Your assignment. Keep the text of the data exactly as it is and omit each picture from the copy.

Dataset section.

>>

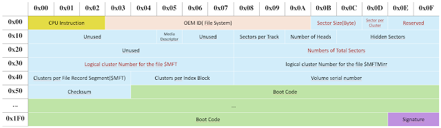 여기서 본격적인 파티션 정보를 확인할 수있다. 주된 정보로는 섹터 크기, 클러스터 당 섹터 수, $MFT의 위치, 전체 섹터 수 등이 있다. 상세한 데이터 테이블은 다음과 같다.
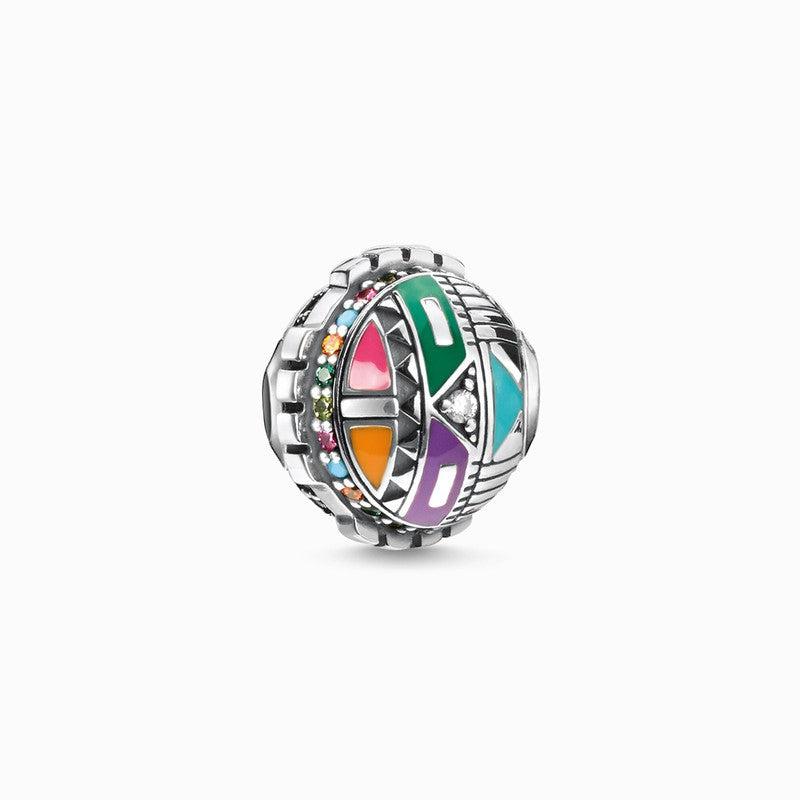 The figure 4 shapes life, as this colourful Sun Bead shows. With its countless details, this nearly futuristic-looking item of jewellery is inspired by the traditional sun symbol of the Native Americans of the South West, with rays that represent the four stages of life, among other things.
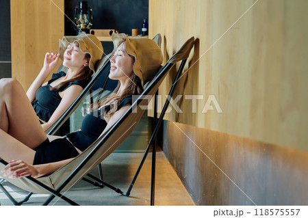 サウナに入る女性
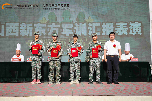 山西新東方烹飪學(xué)校校區(qū)各部門負責(zé)人、軍訓(xùn)教官等領(lǐng)導(dǎo)親臨現(xiàn)場,見證屬于24級學(xué)子們的高光時刻。

<<

Answer to this problem.
 여기서 본격적인 파티션 정보를 확인할 수있다. 주된 정보로는 섹터 크기, 클러스터 당 섹터 수, $MFT의 위치, 전체 섹터 수 등이 있다. 상세한 데이터 테이블은 다음과 같다.
 The figure 4 shapes life, as this colourful Sun Bead shows. With its countless details, this nearly futuristic-looking item of jewellery is inspired by the traditional sun symbol of the Native Americans of the South West, with rays that represent the four stages of life, among other things.
 サウナに入る女性
 山西新東方烹飪學(xué)校校區(qū)各部門負責(zé)人、軍訓(xùn)教官等領(lǐng)導(dǎo)親臨現(xiàn)場,見證屬于24級學(xué)子們的高光時刻。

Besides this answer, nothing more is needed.